» What you need to do: Restate each line of the listing exactly, without carrying over any pictures.

» Given information:
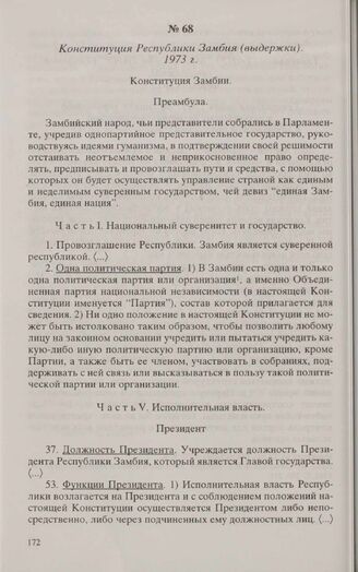 Конституция Республики Замбия (выдержки). 1973 г. // Zambia. Constitution. 1973 // The Constitution of Zambia Act, 1973. Lusaka, 1973. Публ. по: Спец. бюллетень. Программные документы Республики Замбия / Ин-т Африки АН СССР. М., 1978. № 11 (96). С. 3, 4, 44, 57, 63, 85, 86.
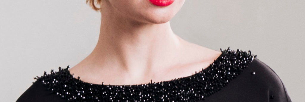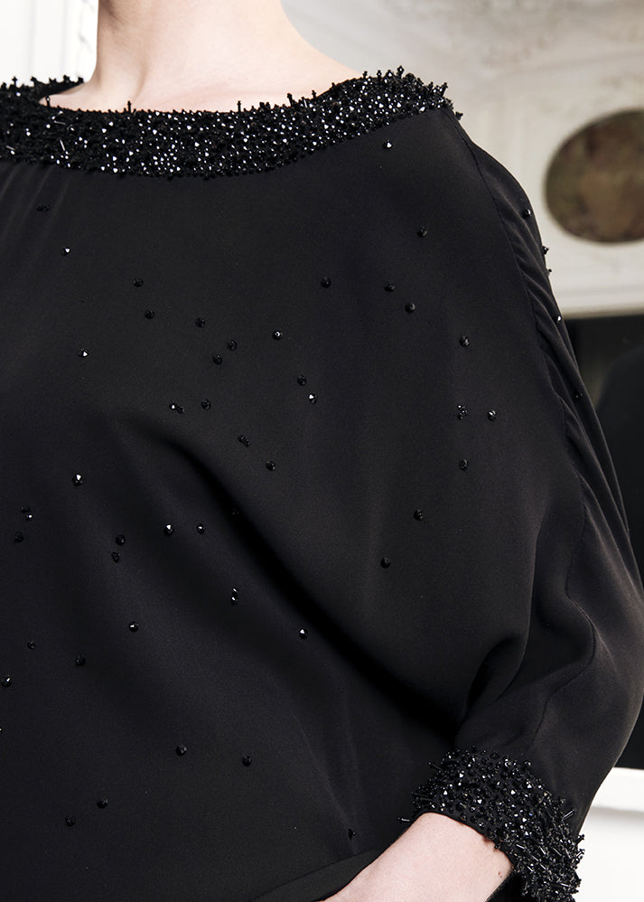 Black gown studded with small precious Swarovski crystals and delicate and elegant embrodery with black Swarovski beads for the neckline and cuffs.
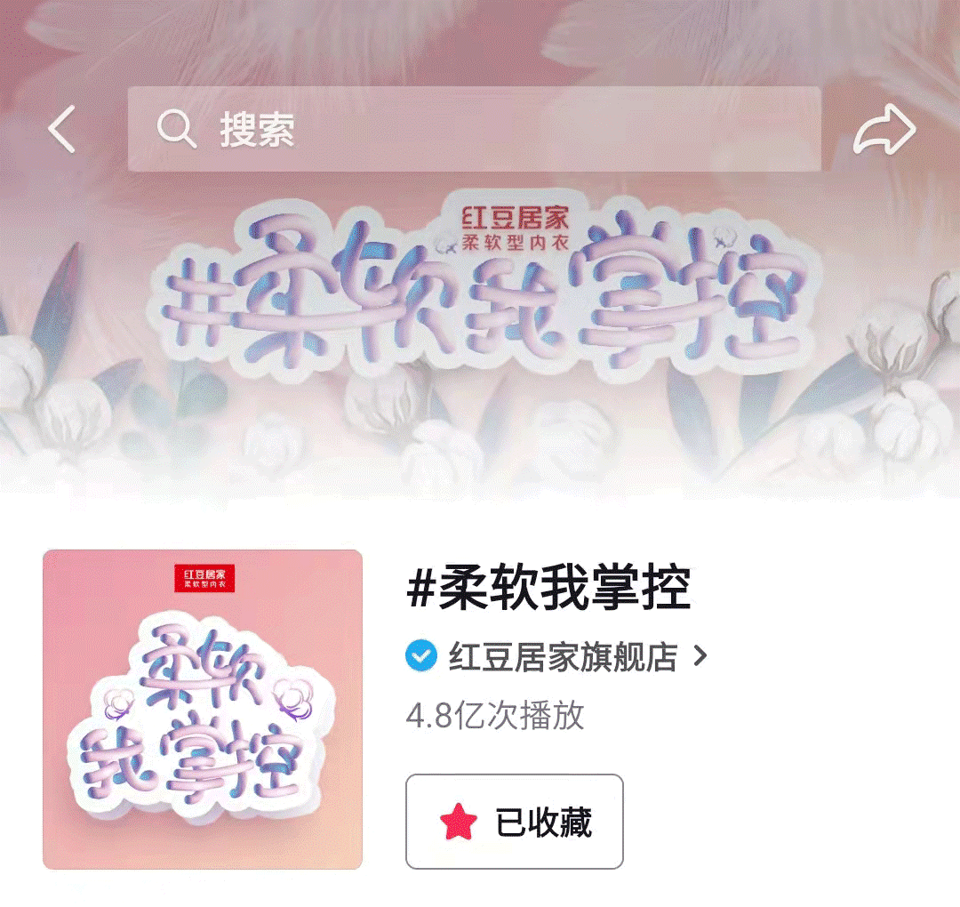 在消費升級的熱潮下,抖音日活用戶數(shù)突破6.5億。隨著短視頻的崛起,各大品牌紛紛轉(zhuǎn)移陣地,聚焦短視頻平臺,借勢短視頻平臺致力打造品牌新爆點。對于更注重線下穿著體驗的內(nèi)衣品類來說,如何在短視頻平臺鎖定目標人群創(chuàng)造高話題性的內(nèi)容、收獲高人氣,是內(nèi)衣品類進軍抖音的一大挑戰(zhàn)。最近,柔軟型內(nèi)衣的倡導者紅豆居家聯(lián)手抖音發(fā)起了#柔軟我掌控 抖音短視頻挑戰(zhàn)賽,憑借其超高熱度瞬間席卷內(nèi)衣行業(yè)圈,給行業(yè)做了一個不錯的示范。
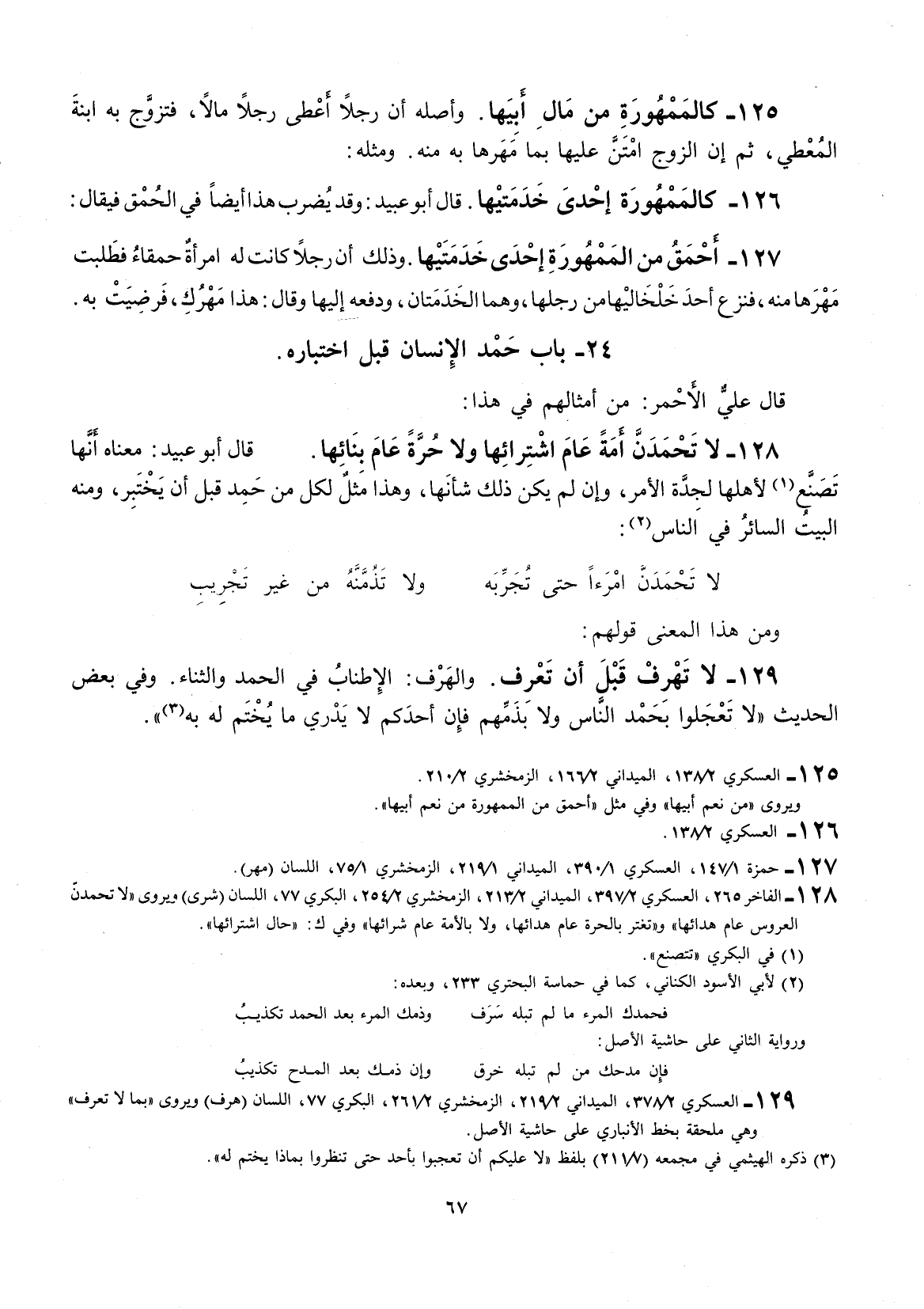 قال عليٌّ الأحمر: من أمثالهم في هذا: لا تحمدن أمةً عام اشتريتها ولا حرة عام بنائها.

» Exercise solution:
 Конституция Республики Замбия (выдержки). 1973 г. // Zambia. Constitution. 1973 // The Constitution of Zambia Act, 1973. Lusaka, 1973. Публ. по: Спец. бюллетень. Программные документы Республики Замбия / Ин-т Африки АН СССР. М., 1978. № 11 (96). С. 3, 4, 44, 57, 63, 85, 86.
 Black gown studded with small precious Swarovski crystals and delicate and elegant embrodery with black Swarovski beads for the neckline and cuffs.
 在消費升級的熱潮下,抖音日活用戶數(shù)突破6.5億。隨著短視頻的崛起,各大品牌紛紛轉(zhuǎn)移陣地,聚焦短視頻平臺,借勢短視頻平臺致力打造品牌新爆點。對于更注重線下穿著體驗的內(nèi)衣品類來說,如何在短視頻平臺鎖定目標人群創(chuàng)造高話題性的內(nèi)容、收獲高人氣,是內(nèi)衣品類進軍抖音的一大挑戰(zhàn)。最近,柔軟型內(nèi)衣的倡導者紅豆居家聯(lián)手抖音發(fā)起了#柔軟我掌控 抖音短視頻挑戰(zhàn)賽,憑借其超高熱度瞬間席卷內(nèi)衣行業(yè)圈,給行業(yè)做了一個不錯的示范。
 قال عليٌّ الأحمر: من أمثالهم في هذا: لا تحمدن أمةً عام اشتريتها ولا حرة عام بنائها.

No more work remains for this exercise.